Потом этого еврея сняли с забора; он как-то неловко стоял лицом к лицу с ними, понимая, что ничего уже не может сделать, пристыженный, как всегда пристыжен человек, которого, словно кусок мяса, волокут убивать, обнажают до наготы страха перед смертью, из всей наготы – самой стыдной; его глаза перебегали с одного на другого из этих нелюдей, а потом один ударил его сзади ниже спины, так что он растянулся во всю длину на земле, и тогда другой, длинный, со светлой гривой под зеленой фуражкой, поднял его сзади за брюки, как это делают клоуны в цирке друг с другом, и нанес ему невероятно громкую, прямо-таки цирковую пощечину, так что черная еврейская голова упала на другое плечо; а еще один нагнулся и схватил его за ногу. И они снова загоготали холодным хохотом прусских господ; нет – хохотом конца человека и всего человеческого.
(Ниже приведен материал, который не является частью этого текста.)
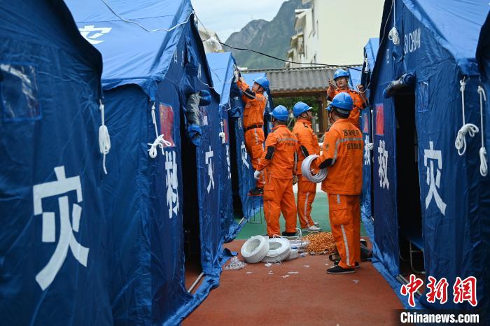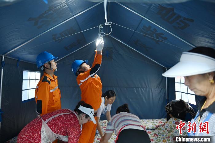 8月3日,康定姑咱镇郎鼓村临时安置点,电力抢险人员正在接通照明用电。中新社记者 刘忠俊 摄

– Так они тащили его, милая барышня, и все разом били – и руками по лицу, и ногами по телу, и все время так хохотали, знаете, что просто сказать нельзя, как. Я и сейчас как будто слышу, барышня. Это не инспектор Мадуна. Тот всего лишь ухмылялся, а когда выбивал правонарушителю зуб – бледнел, и губы его вдруг вытягивались в полоску, и он больше ничего не говорил и выходил из канцелярии. Но те хохотали, простите меня, барышня, как будто взаправду в цирке. И все время молотили его, пинали, били по лицу, так что на углу он упал на колени и сомлел. Они потом взяли его за ноги… – Стражник рассказывал, как тащили беглеца, а черная еврейская голова билась о каменные плиты, которыми были тщательно вымощены улицы в этом бубенечском усадебном районе; лежа на земле, стражник вдруг заметил, что у окон вилл толпятся люди, его охватила ярость, он вскочил и закричал властным полицейским голосом: «Закрыть окна! Немедленно! Именем закона!» – и тяжело, смятенно, неуверенно побежал за зелеными, но прибежал поздно: за углом стоял грузовик, и еврея бросили в него.
Ребекка рассказывала. Я неспешно потягивал теплый, интимный, ароматный кофе глубокого мира среди холодной войны в то лето господне 1952, а за окном уличный фонарь высвечивал приятный дождик.
– Он ничего не взял с собой, – рассказывала Ребекка. – Но его никуда не отвезли. В тот же вечер они забили его до смерти на каком-то эсэсовском сборище. А за батей пришли на следующий день: старый дурак не избежал этого, несмотря даже на жену-арийку.
– Ты так о своем отце? – заметил я.
– Он был порядочной сволочью, – ответила Ребекка. – А я таких ненавижу больше… ну, не знаю… больше всего на свете. Сначала они добиваются того, что могут все, а потом им также на всех наплевать. И эта вшивота с женой-арийкой…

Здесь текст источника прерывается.